▸ **Task statement**:
Look below for the line holding "(1) - Arnold" and the line holding "山東云唐智能科技有限公司生產". Transcribe exactly those lines and all lines between them, nothing more.

(Study material Opens)

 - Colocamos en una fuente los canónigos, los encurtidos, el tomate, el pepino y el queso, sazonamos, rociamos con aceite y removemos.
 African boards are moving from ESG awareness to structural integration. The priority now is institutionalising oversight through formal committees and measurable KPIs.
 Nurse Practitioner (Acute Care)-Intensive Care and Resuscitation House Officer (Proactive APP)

(Study material Closes)
(Study material Opens)

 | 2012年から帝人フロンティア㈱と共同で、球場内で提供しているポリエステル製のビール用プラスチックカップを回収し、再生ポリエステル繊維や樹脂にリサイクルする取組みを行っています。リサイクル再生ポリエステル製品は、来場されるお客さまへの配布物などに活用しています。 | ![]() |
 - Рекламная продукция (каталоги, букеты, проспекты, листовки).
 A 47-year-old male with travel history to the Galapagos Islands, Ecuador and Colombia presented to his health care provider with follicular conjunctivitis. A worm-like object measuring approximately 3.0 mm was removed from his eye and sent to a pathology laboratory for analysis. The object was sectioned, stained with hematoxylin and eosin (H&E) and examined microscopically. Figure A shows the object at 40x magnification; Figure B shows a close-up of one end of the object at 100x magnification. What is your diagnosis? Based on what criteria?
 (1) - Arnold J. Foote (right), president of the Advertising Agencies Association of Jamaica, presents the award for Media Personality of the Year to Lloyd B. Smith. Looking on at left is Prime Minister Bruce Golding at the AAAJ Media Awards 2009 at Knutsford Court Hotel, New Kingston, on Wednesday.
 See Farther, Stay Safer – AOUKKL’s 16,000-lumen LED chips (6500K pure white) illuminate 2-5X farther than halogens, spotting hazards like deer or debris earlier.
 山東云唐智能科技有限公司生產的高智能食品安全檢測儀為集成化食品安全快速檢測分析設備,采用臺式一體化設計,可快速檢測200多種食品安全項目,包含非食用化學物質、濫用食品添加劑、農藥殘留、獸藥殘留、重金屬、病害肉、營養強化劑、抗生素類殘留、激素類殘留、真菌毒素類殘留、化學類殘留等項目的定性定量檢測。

(Study material Closes)

▸ **Expected output**:
 (1) - Arnold J. Foote (right), president of the Advertising Agencies Association of Jamaica, presents the award for Media Personality of the Year to Lloyd B. Smith. Looking on at left is Prime Minister Bruce Golding at the AAAJ Media Awards 2009 at Knutsford Court Hotel, New Kingston, on Wednesday.
 See Farther, Stay Safer – AOUKKL’s 16,000-lumen LED chips (6500K pure white) illuminate 2-5X farther than halogens, spotting hazards like deer or debris earlier.
 山東云唐智能科技有限公司生產的高智能食品安全檢測儀為集成化食品安全快速檢測分析設備,采用臺式一體化設計,可快速檢測200多種食品安全項目,包含非食用化學物質、濫用食品添加劑、農藥殘留、獸藥殘留、重金屬、病害肉、營養強化劑、抗生素類殘留、激素類殘留、真菌毒素類殘留、化學類殘留等項目的定性定量檢測。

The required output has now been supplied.